JSPM

open-agents-ai

0.14.1
    • ESM via JSPM
    • ES Module Entrypoint
    • Export Map
    • Keywords
    • License
    • Repository URL
    • TypeScript Types
    • README
    • Created
    • Published
    • Downloads 26260
    • Score
      100M100P100Q140444F
    • License MIT

    AI coding agent powered by open-source models (Ollama/vLLM) — interactive TUI with agentic tool-calling loop

    Package Exports

    • open-agents-ai
    • open-agents-ai/dist/index.js

    This package does not declare an exports field, so the exports above have been automatically detected and optimized by JSPM instead. If any package subpath is missing, it is recommended to post an issue to the original package (open-agents-ai) to support the "exports" field. If that is not possible, create a JSPM override to customize the exports field for this package.

    Readme

    Open Agents

    AI coding agent framework powered by open-weight models via Ollama.
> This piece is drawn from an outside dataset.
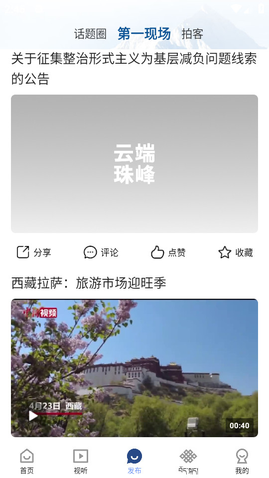 《云端珠峰app》是西藏自治区首个逐一浏览模式、用户自定义主页的APP,支持国家通用语言文字以及藏语言文字的呈现和混排。它集资讯、音视频、广播电视网络直播为一体,是西藏各级融媒体权威信息发布平台、政务服务入口。提供最新的涉藏主流新闻报道、资讯信息,让用户随时了解西藏的最新动态。实现客户自定义模式,围绕用户的兴趣爱好智能化推送内容,让每一次的观阅都能收获价值。

    A multi-turn agentic tool-calling loop that iteratively reads code, makes changes, runs tests, and fixes failures until the task is complete — modeled after how Claude Code operates, but running entirely on local open-weight models.

    How It Works

    You: oa "fix the null check in auth.ts"
    
    Agent: [Turn 1] file_read(src/auth.ts)
           [Turn 2] grep_search(pattern="null", path="src/auth.ts")
           [Turn 3] file_edit(old_string="if (user)", new_string="if (user != null)")
           [Turn 4] shell(command="npm test")
           [Turn 5] task_complete(summary="Fixed null check — all tests pass")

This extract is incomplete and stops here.